F1, polémica de Max Verstappen no Brasil: E se o feitiço se virar contra o feiticeiro?

Por a 25 Novembro 2021 15:27

Beber do próprio veneno ou tiro sair pela culatra! Como preferir! A defesa de Max Verstappen a Lewis Hamilton no Grande Prémio de São Paulo foi polémica e poderá ter deixado um legado que, eventualmente, poderá virar-se contra o piloto holandês na luta pelo título deste ano.

A manobra é conhecida – na quadragésima oitava volta da prova brasileira, o heptacampeão mundial lançou um ataque à liderança do piloto da Red Bull na aproximação à Descida do Lago.

Por fora, Hamilton chegou a estar à frente de Verstappen mais de meio carro, mas este, com uma longa escapatória de asfalto pela frente, escolheu deixar a travagem para tão tarde, que passou para a frente do inglês, mas sem qualquer possibilidade de fazer a curva sem recorrer ao alcatrão para lá do corretor.

Hamilton, para evitar o contacto entre eles, alargou a sua trajetória e foi obrigado, também ele, a passar pela escapatória, não conseguindo concretizar a ultrapassagem que ambicionava.

Os comissários desportivos consideraram não ser necessário colocar o incidente em investigação, o holandês não foi penalizado e a dúvida instalou-se em todos os pilotos, talvez com a exceção do jovem da Red Bull.
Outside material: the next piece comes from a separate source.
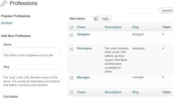 On the back of that Damian Gostomski wrote a plugin and added it too the repository to add said functionality. However the plugin was incomplete and development has stopped. As I am using this sort of functionality in the LocalHero project I have fixed some bugs in the original code and also added some new functionality so that when you use register_taxonomy to register a taxonomy for users you have almost as much control as if he taxonomy was for posts.

A mensagem passada é que os limites da pista, na luta por posições são irrelevantes, dado que Verstappen recorreu à escapatória para defender a sua liderança.

No passado, mais concretamente no Grande Prémio da Áustria, Lando Norris e Sérgio Pérez, duas vezes, não deram espaço exterior quando foram atacados, tendo os seus adversários de passar pela escapatória – nesse caso de gravilha -e foram penalizados em cinco segundos em cada um dos incidentes.

Podemos ser levados a concluir que, a liberdade de que Verstappen gozou em Interlagos, só é dada quando os pilotos têm asfalto como zona de segurança…

Porém, é apenas na defesa de uma posição que isso se poderá fazer?

Fernando Alonso, no Grande Prémio dos Estados Unidos, ultrapassou António Giovinazzi, passando por uma escapatória, e foi obrigado a ceder a sua posição…

Qual é o motivo que leva a que se possa transgredir os limites da pista na defesa de uma posição e não se possa fazer o mesmo quando se ataca um adversário?

São questões que se levantam e que deixaram os pilotos num mar de dúvidas sem saber como agir no futuro.

“Temos de nos adaptar sempre a todas as situações, a cada decisão que os comissários tomam”, disse Leclerc, que acrescentou: “Assim que soube que não uma penalização para o Max (Verstappen) na Áustria (n.d.r.: quando ambos lutavam pela vitória em 2019), fui para Silverstone e mudei a minha pilotagem.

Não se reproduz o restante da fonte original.